[WORK REQUEST]:
In the records below, find the line containing "Capital gains taxes" and the line containing "Use the Layer". Give again exactly those lines and every line between them, omitting the pictures.

(DATA SUPPLIED begins)

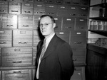 W. C. Bigby, president of Texas Seedmen's Association. Bigby is shown standing in front of a wall of file cabinets. He is wearing a striped suit with a patterned tie and a pair of eyeglasses. He has his arms behind his back and appears to be looking on at the camera.
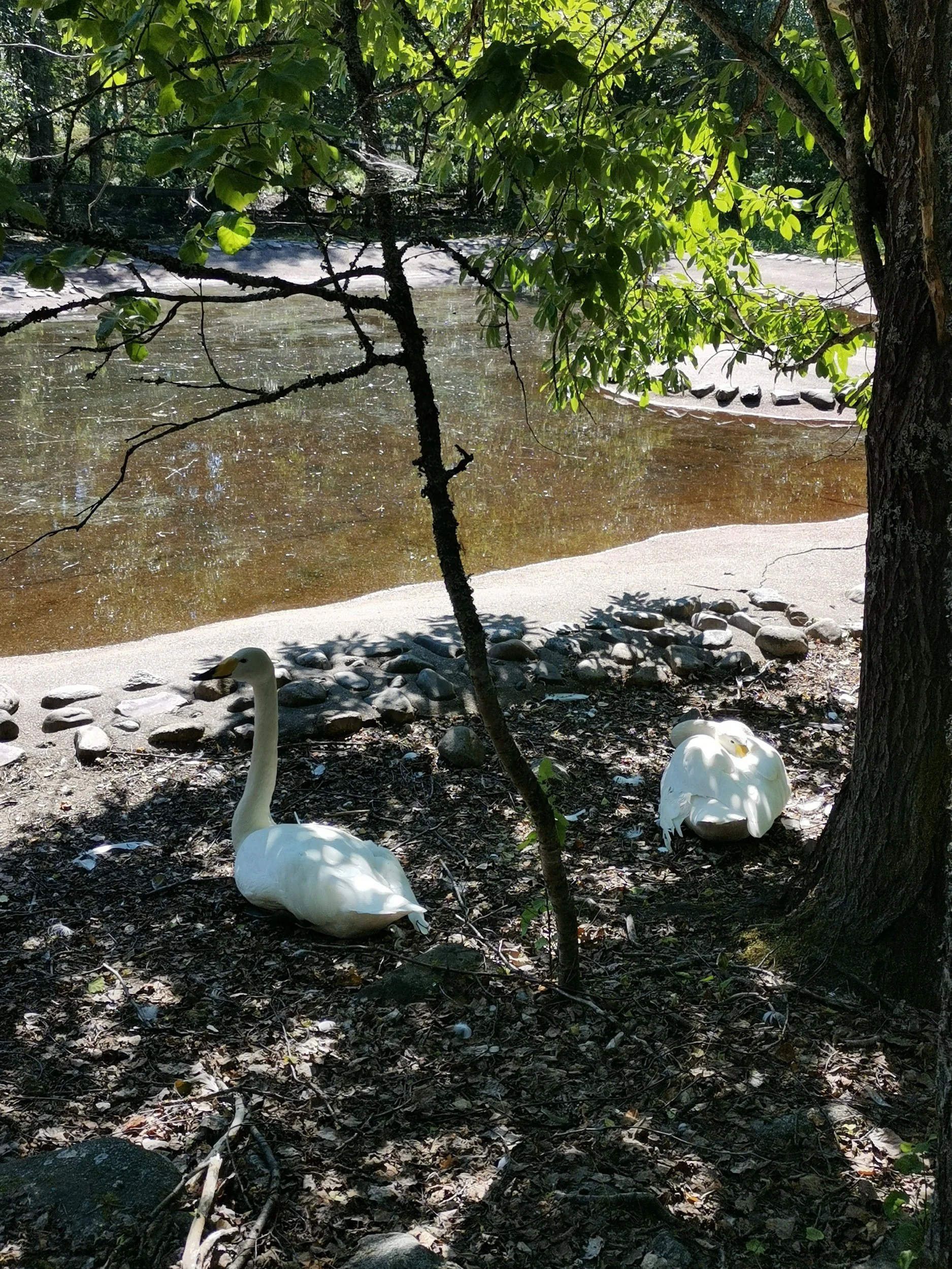 Selv sangsvanene syntes det var for varmt til å være på vannet i dag, så de hadde også funnet seg en plass i skyggen, der de tok parklivet med en tilsynelatende ro.
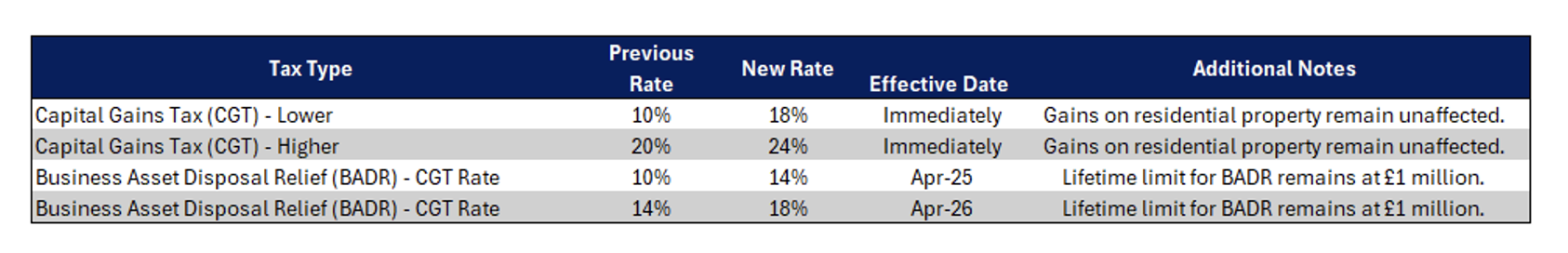 Capital gains taxes have risen across the board, but a key area to note is business asset disposal relief (BADR), previously known as entrepreneur’s relief.
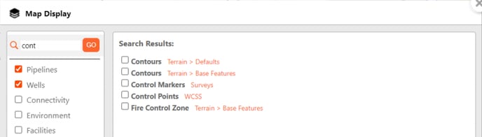 Use the Layer Search in the top-left corner of the Map Display menu to quickly search for and select from matching surface layer options. The orange text shows the location of each result.
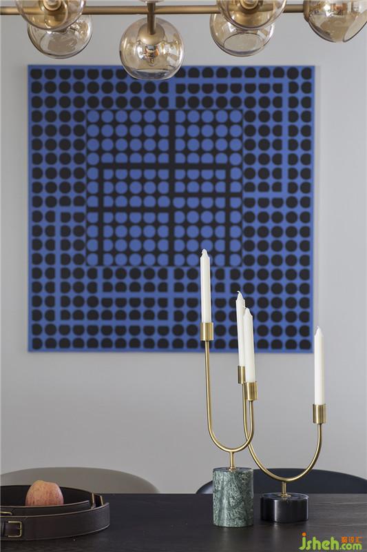 客餐廳采用一體化設(shè)計(jì),沒(méi)有設(shè)置隔斷,減少了空間的壓抑感和擁擠感,視覺(jué)上也更加通透。餐桌周邊的掛畫特意選擇了跳脫的藍(lán)色,豐富了空間層次感。
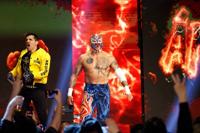 Alex Abrahantes (left) and Rey Fenix (right) entering the arena during the All Elite Wrestling (AEW) Dynamite event at the Cow Palace on Wedne…
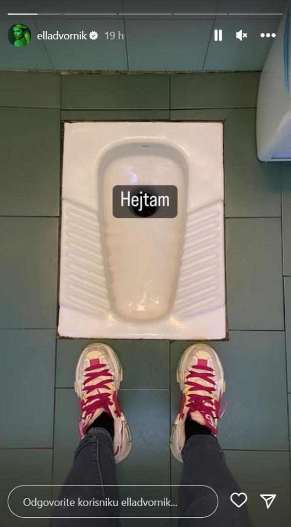 - Hejtam - napisala je Ella uz objavu na kojoj pozira pored čučavca.
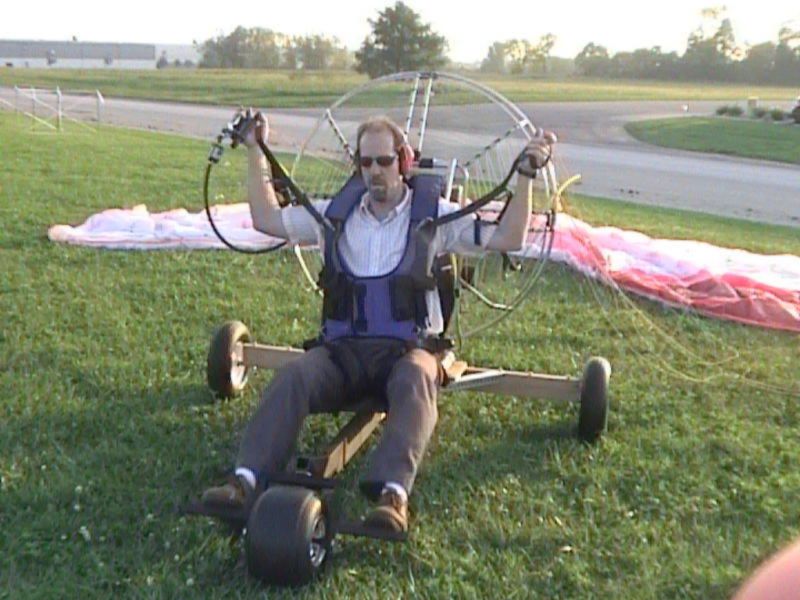 Mike Rish giving Brandon Oberlins Timber Trike its inaugural flight

(DATA SUPPLIED ends)

[REPLY TO THE TASK]:
 Capital gains taxes have risen across the board, but a key area to note is business asset disposal relief (BADR), previously known as entrepreneur’s relief.
 Use the Layer Search in the top-left corner of the Map Display menu to quickly search for and select from matching surface layer options. The orange text shows the location of each result.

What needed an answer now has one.